• **WHAT TO DO**: Transcribe word for word the lines below from the line with "Se consideran alimentos" through the line with "Трансляция Атлетико U-19 - Астана U-19", ends included.

• **DATA FOR PROCESSING**:
---------------

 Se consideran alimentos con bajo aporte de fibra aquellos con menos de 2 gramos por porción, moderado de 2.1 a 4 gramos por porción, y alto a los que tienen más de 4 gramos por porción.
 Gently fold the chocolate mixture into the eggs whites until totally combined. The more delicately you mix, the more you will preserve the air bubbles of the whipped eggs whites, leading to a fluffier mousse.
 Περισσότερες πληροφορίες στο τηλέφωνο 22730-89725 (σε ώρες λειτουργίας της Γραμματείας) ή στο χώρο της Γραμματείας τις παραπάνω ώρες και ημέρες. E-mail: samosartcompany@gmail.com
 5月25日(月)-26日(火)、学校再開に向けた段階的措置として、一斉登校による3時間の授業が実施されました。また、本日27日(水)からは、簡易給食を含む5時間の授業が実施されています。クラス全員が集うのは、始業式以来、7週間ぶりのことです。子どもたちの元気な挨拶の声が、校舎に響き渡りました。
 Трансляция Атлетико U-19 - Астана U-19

---------------

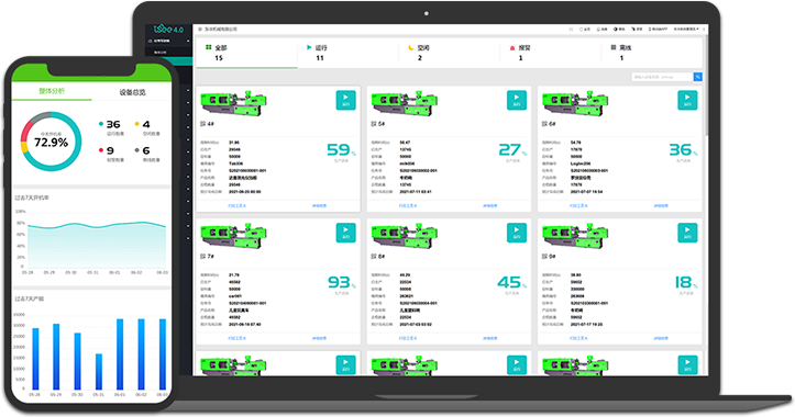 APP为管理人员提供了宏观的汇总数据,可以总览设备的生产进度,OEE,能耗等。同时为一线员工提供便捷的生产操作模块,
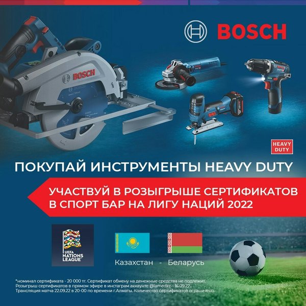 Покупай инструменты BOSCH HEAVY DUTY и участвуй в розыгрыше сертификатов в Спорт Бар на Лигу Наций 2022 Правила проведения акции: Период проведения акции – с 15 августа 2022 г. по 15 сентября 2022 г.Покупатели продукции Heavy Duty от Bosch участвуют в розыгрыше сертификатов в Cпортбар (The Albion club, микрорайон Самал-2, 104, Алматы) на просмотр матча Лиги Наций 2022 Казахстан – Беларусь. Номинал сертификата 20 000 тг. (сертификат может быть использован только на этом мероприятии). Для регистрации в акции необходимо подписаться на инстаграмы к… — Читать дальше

---------------

• **EXERCISE ANSWER**:
 Se consideran alimentos con bajo aporte de fibra aquellos con menos de 2 gramos por porción, moderado de 2.1 a 4 gramos por porción, y alto a los que tienen más de 4 gramos por porción.
 Gently fold the chocolate mixture into the eggs whites until totally combined. The more delicately you mix, the more you will preserve the air bubbles of the whipped eggs whites, leading to a fluffier mousse.
 Περισσότερες πληροφορίες στο τηλέφωνο 22730-89725 (σε ώρες λειτουργίας της Γραμματείας) ή στο χώρο της Γραμματείας τις παραπάνω ώρες και ημέρες. E-mail: samosartcompany@gmail.com
 5月25日(月)-26日(火)、学校再開に向けた段階的措置として、一斉登校による3時間の授業が実施されました。また、本日27日(水)からは、簡易給食を含む5時間の授業が実施されています。クラス全員が集うのは、始業式以来、7週間ぶりのことです。子どもたちの元気な挨拶の声が、校舎に響き渡りました。
 Трансляция Атлетико U-19 - Астана U-19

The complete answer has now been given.